I was shocked. Office hours for writing? You can’t order inspiration from four to six in the afternoon! When I write — I write day and night, for days, for hours. I don’t stop. But yes, I agree — we’re not all the same. And that’s perfectly fine.

Then there’s another friend who wanted me to write his book about love and sexual adventures — under his name, of course. He said many people would recognise themselves in it. It would help many who’d been in his position.

I agreed. Why not. I told him: “That’s called ghostwriting. I could do it. But I’d need at least three active months of research and writing.”

And he asked: “How much would that cost?”

I said: “I think it would be fair for it to equal three monthly salaries.”

Naturally — it was too expensive.

And as I think about all of this, I often remember our gardener, who charged no less than a thousand euros for trimming the hedge around the house. A company we contacted afterwards asked for two thousand euros — for just a few hours of work. And so it goes, in circles.

As I write this, I catch myself turning the same questions over in my head: do people read, do they have time, do they have the will? Then I smile. Maybe it’s actually much simpler. Those who love reading always find their way. Books, in the end, always find their people.

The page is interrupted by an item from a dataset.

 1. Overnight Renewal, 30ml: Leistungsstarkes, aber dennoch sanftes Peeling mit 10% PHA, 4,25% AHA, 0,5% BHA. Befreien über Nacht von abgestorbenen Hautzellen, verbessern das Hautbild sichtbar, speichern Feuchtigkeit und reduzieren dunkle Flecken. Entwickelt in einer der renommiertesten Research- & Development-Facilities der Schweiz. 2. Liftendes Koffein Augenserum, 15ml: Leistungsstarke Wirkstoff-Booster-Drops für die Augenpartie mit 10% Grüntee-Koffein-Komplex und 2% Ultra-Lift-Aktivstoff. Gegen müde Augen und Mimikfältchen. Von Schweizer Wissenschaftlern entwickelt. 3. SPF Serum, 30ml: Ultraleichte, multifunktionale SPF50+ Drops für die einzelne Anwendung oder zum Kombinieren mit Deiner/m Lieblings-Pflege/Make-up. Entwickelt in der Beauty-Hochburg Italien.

We all read differently. When I pick something up, for example, it has to grab me immediately — the first, second, third page. If it doesn’t, I can’t go on. The same applies to films. Music. People.

My sister reads everything, from beginning to end, regardless of her first impression. She says she wants a complete picture. I read quickly, diagonally, especially when deadlines are involved. But if I like something — then I simply devour it.

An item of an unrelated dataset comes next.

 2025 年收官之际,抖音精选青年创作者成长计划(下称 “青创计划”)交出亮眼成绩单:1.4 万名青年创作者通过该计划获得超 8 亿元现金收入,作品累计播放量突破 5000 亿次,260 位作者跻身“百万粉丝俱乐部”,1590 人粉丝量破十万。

When I finished writing the first two novels of the trilogy — Gates of Redemption and The Secret Order — I was so high on adrenaline that I immediately had to write eight or nine short stories just to come back down to normal. That’s my drug — words, thoughts, sentences. I love them so much that if someone uses incorrect punctuation, I react instantly. It’s as if someone physically hits me. It hurts and cuts through my brain. All the sirens go off.

Have you ever thought about punctuation? About words? About the speed of everything rushing past us… about reading? About that quiet sport we’ve unconsciously pushed aside in our everyday rush? If you have — then you’re my kind of people, and I’m sure we’ll see each other soon, at our next coffee-to-go.